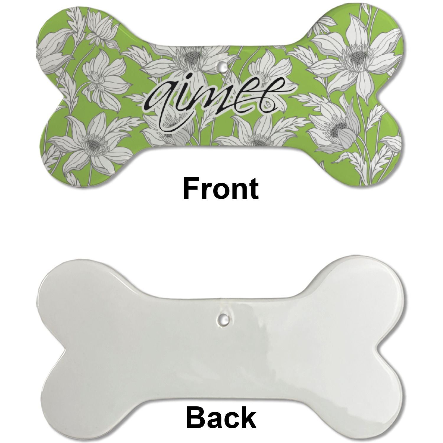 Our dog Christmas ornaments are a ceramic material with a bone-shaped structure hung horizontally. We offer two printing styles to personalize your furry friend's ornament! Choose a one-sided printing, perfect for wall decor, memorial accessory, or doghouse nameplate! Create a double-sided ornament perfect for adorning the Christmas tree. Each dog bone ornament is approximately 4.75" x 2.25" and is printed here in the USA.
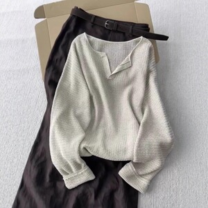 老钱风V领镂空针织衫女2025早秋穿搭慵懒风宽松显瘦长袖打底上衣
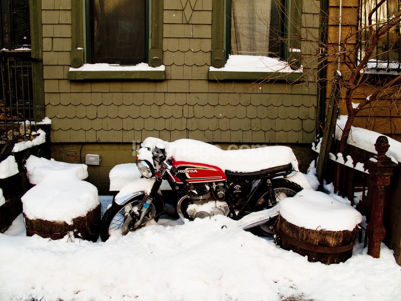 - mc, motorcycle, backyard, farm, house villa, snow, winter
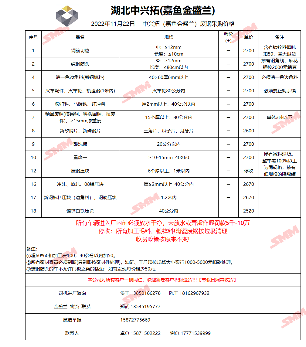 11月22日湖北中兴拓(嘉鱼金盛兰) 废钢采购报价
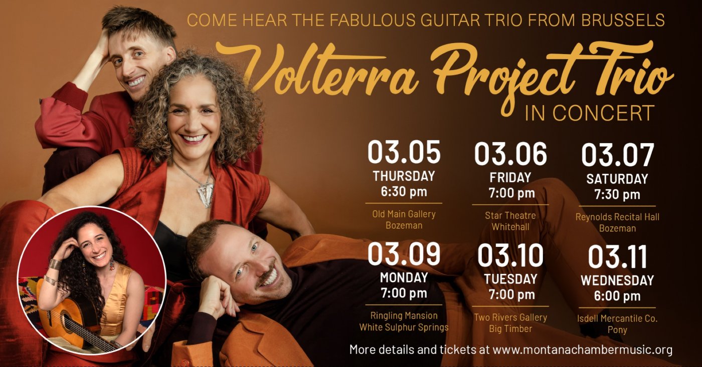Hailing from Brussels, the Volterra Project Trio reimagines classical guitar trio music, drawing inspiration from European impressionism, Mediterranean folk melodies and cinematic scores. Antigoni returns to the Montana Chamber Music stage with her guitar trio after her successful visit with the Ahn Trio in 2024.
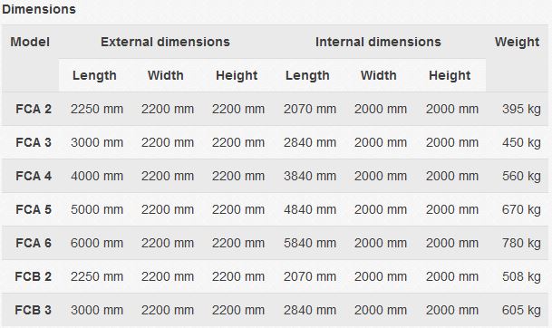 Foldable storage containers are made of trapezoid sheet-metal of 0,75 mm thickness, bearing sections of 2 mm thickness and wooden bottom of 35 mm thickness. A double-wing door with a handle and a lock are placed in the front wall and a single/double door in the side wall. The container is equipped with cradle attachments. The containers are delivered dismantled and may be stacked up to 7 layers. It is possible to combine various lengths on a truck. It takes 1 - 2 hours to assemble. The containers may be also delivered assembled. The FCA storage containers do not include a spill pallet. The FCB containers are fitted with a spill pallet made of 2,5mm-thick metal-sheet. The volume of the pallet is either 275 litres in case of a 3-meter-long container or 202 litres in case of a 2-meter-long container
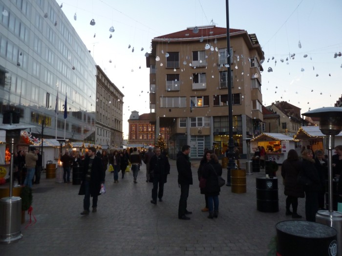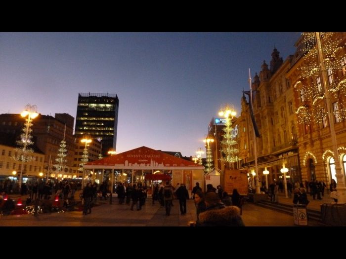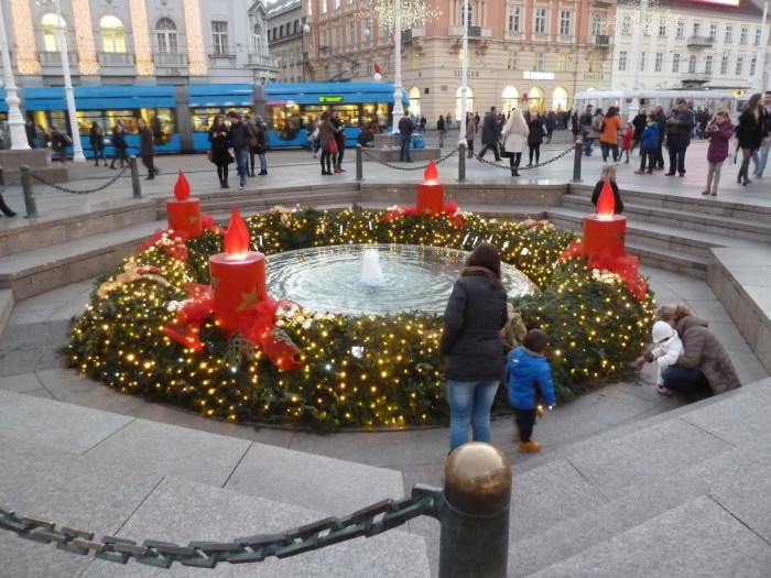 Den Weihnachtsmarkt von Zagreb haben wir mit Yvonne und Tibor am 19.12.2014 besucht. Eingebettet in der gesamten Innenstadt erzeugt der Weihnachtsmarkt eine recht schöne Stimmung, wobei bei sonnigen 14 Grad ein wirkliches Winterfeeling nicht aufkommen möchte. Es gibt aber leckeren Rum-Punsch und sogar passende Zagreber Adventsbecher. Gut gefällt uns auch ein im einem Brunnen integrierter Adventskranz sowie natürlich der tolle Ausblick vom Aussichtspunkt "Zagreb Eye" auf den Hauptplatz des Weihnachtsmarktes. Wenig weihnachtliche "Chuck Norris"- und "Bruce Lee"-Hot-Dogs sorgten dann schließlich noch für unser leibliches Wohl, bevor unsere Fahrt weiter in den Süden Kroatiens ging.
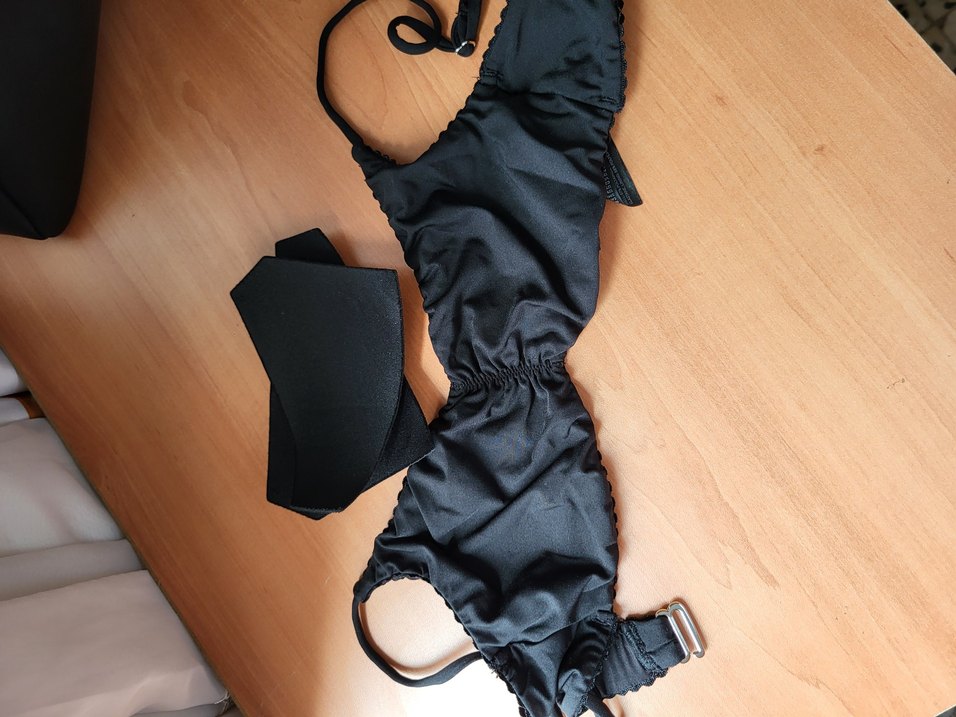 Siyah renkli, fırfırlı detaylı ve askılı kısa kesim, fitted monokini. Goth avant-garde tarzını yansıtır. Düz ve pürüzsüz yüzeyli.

==================================================

[Your goal]: Everything in the material above must be repeated exactly, apart from its pictures.

[Answer below]:
 Our dog Christmas ornaments are a ceramic material with a bone-shaped structure hung horizontally. We offer two printing styles to personalize your furry friend's ornament! Choose a one-sided printing, perfect for wall decor, memorial accessory, or doghouse nameplate! Create a double-sided ornament perfect for adorning the Christmas tree. Each dog bone ornament is approximately 4.75" x 2.25" and is printed here in the USA.
 老钱风V领镂空针织衫女2025早秋穿搭慵懒风宽松显瘦长袖打底上衣
 - mc, motorcycle, backyard, farm, house villa, snow, winter
 11月22日湖北中兴拓(嘉鱼金盛兰) 废钢采购报价
Hailing from Brussels, the Volterra Project Trio reimagines classical guitar trio music, drawing inspiration from European impressionism, Mediterranean folk melodies and cinematic scores. Antigoni returns to the Montana Chamber Music stage with her guitar trio after her successful visit with the Ahn Trio in 2024.
 Foldable storage containers are made of trapezoid sheet-metal of 0,75 mm thickness, bearing sections of 2 mm thickness and wooden bottom of 35 mm thickness. A double-wing door with a handle and a lock are placed in the front wall and a single/double door in the side wall. The container is equipped with cradle attachments. The containers are delivered dismantled and may be stacked up to 7 layers. It is possible to combine various lengths on a truck. It takes 1 - 2 hours to assemble. The containers may be also delivered assembled. The FCA storage containers do not include a spill pallet. The FCB containers are fitted with a spill pallet made of 2,5mm-thick metal-sheet. The volume of the pallet is either 275 litres in case of a 3-meter-long container or 202 litres in case of a 2-meter-long container
 Den Weihnachtsmarkt von Zagreb haben wir mit Yvonne und Tibor am 19.12.2014 besucht. Eingebettet in der gesamten Innenstadt erzeugt der Weihnachtsmarkt eine recht schöne Stimmung, wobei bei sonnigen 14 Grad ein wirkliches Winterfeeling nicht aufkommen möchte. Es gibt aber leckeren Rum-Punsch und sogar passende Zagreber Adventsbecher. Gut gefällt uns auch ein im einem Brunnen integrierter Adventskranz sowie natürlich der tolle Ausblick vom Aussichtspunkt "Zagreb Eye" auf den Hauptplatz des Weihnachtsmarktes. Wenig weihnachtliche "Chuck Norris"- und "Bruce Lee"-Hot-Dogs sorgten dann schließlich noch für unser leibliches Wohl, bevor unsere Fahrt weiter in den Süden Kroatiens ging.
 Siyah renkli, fırfırlı detaylı ve askılı kısa kesim, fitted monokini. Goth avant-garde tarzını yansıtır. Düz ve pürüzsüz yüzeyli.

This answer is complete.